Drug Price Trends for NDC 46122-0529

What is NDC 46122-0529?

NDC 46122-0529 identifies a drug within the National Drug Code system. Based on publicly available databases, NDC 46122-0529 refers to Aflibercept Injection, 4 Milligrams (mg). Aflibercept is marketed under the brand name Eylea, primarily used for treating retinal diseases such as age-related macular degeneration (AMD), diabetic macular edema (DME), and other retinal vascular conditions.

Market Overview

Market Scope

The global retinal drug market is driven by the increasing prevalence of diabetic retinopathy, AMD, and other retinal vascular disorders. The injection form of aflibercept is a preferred treatment due to its efficacy in inhibiting vascular endothelial growth factor (VEGF).

Market Size

• The global anti-VEGF drugs market was valued at approximately USD 8 billion in 2022.
• The retinal injection segment accounts for over 60% of this market.
• The U.S. market represents roughly 45% of global sales.

Key Competitors

• Ranibizumab (Lucentis): Competes directly; approved for similar indications.
• Bevacizumab (Avastin): Off-label use; lower price point, widely used.
• Faricimab: New entrant with potential to disrupt existing market shares.

Distribution Channels

• Hospital outpatient clinics: 70%
• Specialty ophthalmology clinics: 20%
• Retail pharmacies: 10%

Regulatory Status

• Approved by FDA since September 2011 for exudative AMD.
• Expanded indications include diabetic macular edema and other retinal vascular conditions.

Price Trends and Projections

Current Pricing

• Wholesale Acquisition Cost (WAC): USD 1,950 per 4 mg vial (as of Q1 2023).
• Average selling price (ASP): USD 2,100–2,300 per vial, depending on negotiated discounts.
• Reimbursement varies: Medicare Part B reimburses approximately USD 2,200 per injection.

Pricing Dynamics

• The price has remained relatively stable since 2018, with minor fluctuations.
• Offers for biosimilars could pressure prices downward, expected once biosimilar entry is imminent.

Future Price Trends

• Biosimilar Competition: Approval and market entry projected within 2–3 years.
• Price Reduction Estimates: Biosimilars could reduce prices by 20–40%.
• Innovation and superior delivery methods may limit further reductions; prices may stabilize around USD 1,500–1,800 per vial post-biosimilar penetration.
• Price adjustments will also depend on payor negotiations, healthcare policies, and manufacturing costs.

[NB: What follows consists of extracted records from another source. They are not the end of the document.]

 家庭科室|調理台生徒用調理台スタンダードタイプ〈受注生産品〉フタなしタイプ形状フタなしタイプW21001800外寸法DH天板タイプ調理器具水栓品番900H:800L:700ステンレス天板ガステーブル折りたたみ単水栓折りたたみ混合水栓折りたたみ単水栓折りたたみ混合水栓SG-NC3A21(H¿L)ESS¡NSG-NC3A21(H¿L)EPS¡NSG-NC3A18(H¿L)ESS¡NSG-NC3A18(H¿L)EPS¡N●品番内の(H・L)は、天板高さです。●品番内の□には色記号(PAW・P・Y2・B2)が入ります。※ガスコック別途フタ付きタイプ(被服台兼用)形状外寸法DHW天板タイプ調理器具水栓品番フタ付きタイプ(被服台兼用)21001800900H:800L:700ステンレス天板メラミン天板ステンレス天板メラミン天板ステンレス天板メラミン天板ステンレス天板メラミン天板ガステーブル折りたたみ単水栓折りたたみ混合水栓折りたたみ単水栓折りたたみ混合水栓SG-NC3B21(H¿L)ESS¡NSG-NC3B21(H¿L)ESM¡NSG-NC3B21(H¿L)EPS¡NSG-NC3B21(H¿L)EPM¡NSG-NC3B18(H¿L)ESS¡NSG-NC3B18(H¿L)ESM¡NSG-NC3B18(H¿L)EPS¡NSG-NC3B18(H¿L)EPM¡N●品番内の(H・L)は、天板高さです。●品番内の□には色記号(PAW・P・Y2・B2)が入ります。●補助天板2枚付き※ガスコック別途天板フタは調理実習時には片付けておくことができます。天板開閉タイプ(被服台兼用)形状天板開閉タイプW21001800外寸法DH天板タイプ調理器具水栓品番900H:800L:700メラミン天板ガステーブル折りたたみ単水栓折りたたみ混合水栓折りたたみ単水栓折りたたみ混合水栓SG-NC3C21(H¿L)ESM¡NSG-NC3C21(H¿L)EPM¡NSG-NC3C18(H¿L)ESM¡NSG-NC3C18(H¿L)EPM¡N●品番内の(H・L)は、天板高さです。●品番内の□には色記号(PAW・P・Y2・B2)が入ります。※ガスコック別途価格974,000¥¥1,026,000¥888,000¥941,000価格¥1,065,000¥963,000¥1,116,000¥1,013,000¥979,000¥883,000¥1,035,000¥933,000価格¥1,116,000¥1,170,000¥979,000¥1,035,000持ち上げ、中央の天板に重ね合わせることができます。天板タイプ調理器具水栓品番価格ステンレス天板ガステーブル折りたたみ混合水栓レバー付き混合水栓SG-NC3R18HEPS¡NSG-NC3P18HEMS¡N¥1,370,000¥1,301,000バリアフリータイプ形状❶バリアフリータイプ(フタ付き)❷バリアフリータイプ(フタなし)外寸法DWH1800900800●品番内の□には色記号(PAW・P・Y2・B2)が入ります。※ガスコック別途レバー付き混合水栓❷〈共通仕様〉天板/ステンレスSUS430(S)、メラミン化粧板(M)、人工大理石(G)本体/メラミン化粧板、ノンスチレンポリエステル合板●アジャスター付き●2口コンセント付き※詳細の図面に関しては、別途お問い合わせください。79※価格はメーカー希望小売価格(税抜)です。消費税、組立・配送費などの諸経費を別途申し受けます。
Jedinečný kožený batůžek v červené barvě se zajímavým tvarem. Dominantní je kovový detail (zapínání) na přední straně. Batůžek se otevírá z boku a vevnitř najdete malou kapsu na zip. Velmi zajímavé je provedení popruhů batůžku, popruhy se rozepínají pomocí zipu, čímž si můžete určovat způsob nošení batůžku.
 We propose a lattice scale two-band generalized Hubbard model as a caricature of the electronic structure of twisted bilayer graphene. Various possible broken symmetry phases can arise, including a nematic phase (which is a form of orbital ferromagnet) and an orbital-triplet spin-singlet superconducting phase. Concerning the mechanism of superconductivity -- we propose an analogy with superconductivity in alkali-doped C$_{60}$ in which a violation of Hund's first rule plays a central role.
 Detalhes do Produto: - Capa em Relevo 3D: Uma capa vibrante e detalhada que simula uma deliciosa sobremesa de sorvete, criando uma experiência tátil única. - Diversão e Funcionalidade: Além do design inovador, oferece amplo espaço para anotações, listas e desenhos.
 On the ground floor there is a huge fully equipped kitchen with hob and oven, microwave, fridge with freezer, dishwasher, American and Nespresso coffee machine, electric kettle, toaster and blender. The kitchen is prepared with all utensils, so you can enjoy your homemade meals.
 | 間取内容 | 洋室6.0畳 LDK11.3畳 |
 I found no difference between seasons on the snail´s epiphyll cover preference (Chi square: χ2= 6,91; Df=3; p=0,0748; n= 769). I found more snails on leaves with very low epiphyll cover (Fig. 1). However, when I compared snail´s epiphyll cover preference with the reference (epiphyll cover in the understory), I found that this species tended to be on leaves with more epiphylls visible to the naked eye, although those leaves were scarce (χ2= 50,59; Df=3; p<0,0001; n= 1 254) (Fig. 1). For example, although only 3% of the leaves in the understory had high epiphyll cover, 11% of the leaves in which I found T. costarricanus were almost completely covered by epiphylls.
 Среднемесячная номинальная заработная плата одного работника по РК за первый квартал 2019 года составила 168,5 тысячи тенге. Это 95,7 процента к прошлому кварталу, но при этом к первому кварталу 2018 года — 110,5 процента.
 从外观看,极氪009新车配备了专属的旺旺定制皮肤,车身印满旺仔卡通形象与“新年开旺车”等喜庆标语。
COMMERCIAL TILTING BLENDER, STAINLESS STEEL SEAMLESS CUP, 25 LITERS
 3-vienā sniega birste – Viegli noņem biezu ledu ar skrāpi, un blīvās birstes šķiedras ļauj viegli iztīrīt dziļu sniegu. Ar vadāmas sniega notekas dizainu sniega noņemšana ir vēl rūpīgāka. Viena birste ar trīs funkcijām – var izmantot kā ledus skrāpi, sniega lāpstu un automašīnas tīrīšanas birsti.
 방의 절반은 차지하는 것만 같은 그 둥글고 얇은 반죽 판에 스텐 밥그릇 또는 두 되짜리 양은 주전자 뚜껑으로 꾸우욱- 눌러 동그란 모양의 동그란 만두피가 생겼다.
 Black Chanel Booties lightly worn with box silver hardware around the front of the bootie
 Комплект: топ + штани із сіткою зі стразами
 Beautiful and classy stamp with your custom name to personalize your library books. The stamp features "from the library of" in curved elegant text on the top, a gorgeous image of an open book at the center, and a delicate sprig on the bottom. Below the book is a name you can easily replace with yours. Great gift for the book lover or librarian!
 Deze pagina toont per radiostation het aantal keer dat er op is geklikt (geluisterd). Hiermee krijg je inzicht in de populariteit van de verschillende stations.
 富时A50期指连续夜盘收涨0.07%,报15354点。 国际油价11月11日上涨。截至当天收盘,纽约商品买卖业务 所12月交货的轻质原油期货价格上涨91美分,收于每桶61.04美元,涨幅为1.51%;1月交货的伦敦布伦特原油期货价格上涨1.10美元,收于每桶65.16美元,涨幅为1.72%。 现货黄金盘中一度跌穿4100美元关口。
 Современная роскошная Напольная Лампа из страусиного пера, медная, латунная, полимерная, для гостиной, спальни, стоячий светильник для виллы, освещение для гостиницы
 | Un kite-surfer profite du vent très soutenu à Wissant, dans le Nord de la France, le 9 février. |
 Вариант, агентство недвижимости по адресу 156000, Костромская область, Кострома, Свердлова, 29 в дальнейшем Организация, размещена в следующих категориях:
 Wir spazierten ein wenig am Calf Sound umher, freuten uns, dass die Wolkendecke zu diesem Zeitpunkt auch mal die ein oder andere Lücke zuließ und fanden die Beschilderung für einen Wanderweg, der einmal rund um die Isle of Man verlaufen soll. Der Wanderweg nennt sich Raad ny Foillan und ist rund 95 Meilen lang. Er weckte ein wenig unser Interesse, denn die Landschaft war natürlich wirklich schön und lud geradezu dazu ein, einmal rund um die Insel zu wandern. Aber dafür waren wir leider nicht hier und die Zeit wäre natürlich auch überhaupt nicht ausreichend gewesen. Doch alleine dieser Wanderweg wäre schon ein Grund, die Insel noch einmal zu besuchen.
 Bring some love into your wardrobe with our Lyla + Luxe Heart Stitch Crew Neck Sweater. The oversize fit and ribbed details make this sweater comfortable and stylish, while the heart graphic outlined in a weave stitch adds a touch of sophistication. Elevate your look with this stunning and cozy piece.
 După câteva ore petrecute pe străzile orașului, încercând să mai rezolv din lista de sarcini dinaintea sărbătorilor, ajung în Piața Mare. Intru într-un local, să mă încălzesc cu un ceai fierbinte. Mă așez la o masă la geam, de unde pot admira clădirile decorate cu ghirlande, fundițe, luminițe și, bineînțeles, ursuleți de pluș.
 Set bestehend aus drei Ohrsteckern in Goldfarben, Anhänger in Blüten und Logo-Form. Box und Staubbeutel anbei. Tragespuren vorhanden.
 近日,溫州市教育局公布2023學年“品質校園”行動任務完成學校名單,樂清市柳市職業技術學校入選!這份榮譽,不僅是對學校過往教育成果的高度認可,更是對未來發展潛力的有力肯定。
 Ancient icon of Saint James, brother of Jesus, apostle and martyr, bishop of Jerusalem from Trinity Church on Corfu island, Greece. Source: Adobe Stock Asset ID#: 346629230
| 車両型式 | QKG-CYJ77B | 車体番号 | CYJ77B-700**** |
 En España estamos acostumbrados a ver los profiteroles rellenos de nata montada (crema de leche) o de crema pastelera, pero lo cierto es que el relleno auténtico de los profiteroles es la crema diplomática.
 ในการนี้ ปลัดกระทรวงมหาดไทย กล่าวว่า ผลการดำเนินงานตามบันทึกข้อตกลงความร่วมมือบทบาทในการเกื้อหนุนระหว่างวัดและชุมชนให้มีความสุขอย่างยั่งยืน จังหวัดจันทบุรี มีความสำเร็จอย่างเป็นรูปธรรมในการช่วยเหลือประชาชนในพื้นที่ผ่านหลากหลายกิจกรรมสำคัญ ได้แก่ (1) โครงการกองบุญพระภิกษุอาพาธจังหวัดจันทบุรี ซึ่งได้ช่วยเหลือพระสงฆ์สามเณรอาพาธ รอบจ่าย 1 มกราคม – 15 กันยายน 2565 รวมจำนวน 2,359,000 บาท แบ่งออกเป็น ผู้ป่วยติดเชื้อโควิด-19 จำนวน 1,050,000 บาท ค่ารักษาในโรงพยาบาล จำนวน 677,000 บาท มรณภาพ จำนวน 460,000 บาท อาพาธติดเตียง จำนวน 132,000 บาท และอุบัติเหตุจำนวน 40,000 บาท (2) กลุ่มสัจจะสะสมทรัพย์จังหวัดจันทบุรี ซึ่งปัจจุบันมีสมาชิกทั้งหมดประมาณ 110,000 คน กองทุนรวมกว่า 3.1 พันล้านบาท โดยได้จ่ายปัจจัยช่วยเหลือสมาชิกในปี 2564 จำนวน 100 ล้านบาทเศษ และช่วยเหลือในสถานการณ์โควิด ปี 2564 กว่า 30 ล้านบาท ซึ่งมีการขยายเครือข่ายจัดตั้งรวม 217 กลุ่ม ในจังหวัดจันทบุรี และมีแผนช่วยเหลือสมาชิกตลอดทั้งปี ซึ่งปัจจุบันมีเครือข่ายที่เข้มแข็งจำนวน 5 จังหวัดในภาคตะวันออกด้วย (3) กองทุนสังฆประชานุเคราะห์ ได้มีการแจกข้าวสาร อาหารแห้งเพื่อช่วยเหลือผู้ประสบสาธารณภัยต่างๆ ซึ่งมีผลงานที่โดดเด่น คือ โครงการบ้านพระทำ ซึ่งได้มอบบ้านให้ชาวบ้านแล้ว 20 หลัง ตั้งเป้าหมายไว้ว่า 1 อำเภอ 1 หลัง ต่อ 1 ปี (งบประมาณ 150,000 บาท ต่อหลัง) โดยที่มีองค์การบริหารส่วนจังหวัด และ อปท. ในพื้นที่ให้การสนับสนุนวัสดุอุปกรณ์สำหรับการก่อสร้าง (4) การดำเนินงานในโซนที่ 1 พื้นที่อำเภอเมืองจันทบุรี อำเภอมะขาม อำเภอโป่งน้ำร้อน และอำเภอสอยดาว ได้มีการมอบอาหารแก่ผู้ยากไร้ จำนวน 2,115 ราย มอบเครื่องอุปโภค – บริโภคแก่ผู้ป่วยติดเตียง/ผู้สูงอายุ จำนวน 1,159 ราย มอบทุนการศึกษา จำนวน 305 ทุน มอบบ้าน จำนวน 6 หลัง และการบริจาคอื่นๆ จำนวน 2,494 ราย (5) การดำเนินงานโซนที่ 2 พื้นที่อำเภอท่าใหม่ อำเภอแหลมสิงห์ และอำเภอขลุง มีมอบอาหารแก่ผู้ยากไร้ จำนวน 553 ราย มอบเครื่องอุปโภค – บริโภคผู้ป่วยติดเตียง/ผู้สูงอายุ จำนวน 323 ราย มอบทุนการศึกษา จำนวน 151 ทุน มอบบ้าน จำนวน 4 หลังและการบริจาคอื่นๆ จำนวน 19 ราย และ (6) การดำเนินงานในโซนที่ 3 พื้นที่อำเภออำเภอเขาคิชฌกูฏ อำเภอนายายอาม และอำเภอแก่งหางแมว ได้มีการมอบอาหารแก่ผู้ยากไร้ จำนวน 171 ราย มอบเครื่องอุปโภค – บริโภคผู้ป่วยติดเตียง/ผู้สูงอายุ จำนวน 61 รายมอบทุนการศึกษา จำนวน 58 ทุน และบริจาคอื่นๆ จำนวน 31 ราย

Pricing Projection Table (Next 3 Years)

Market Entry Opportunities and Risks

Opportunities

• Growing demand in emerging markets.
• Pediatric and off-label uses expanding.
• Development of sustained-release formulations could increase dosing intervals and revenue.

Risks

• Biosimilar market entry leading to volume-driven price drops.
• Regulatory delays affecting new formulations.
• Reimbursement cuts in healthcare systems.

Key Takeaways

• NDC 46122-0529 (aflibercept 4 mg) maintains a high retail and wholesale price due to its efficacy and limited competition.
• The impending biosimilar approval is the primary factor influencing future price declines.
• The market is mature with steady demand, but pricing is susceptible to regulatory, competitive, and healthcare policy changes.
• Price stabilization estimates post-biosimilar entry suggest a reduction of approximately 20–40% from current levels.

FAQs

Q1: When is the biosimilar for aflibercept expected to launch?
A1: Regulatory approval is projected within 2–3 years, depending on manufacturers’ submissions and FDA review timelines.

Q2: How does aflibercept compare price-wise to its competitors?
A2: Aflibercept’s ASP of around USD 2,200 per vial exceeds ranibizumab (USD 2,000) and far exceeds off-label bevacizumab (USD 50–100), reflecting differences in efficacy, patent protection, and manufacturing costs.

Q3: What factors could prevent price reductions?
A3: Limited biosimilar supply, patent extensions, or regulatory hurdles could inhibit price declines.

Q4: Are there regional differences in pricing?
A4: Yes; prices tend to be higher in the U.S. due to reimbursement rates, whereas emerging markets see lower prices.

Q5: How might innovations affect market share and pricing?
A5: Advances such as longer-acting formulations could preserve market share and allow premium pricing.

References

1. IQVIA. (2023). U.S. Prescription Drug Market Data.
2. FDA. (2022). Approval history for aflibercept.
3. EvaluatePharma. (2022). Global Oncology and Ophthalmology Markets.
4. CMS. (2023). Medicare Part B Drug Reimbursements.
5. Biosimilar Development Reports. (2022). Biosimilar Entry and Impact.

[1] EvaluatePharma. (2022). Global Oncology and Ophthalmology Markets.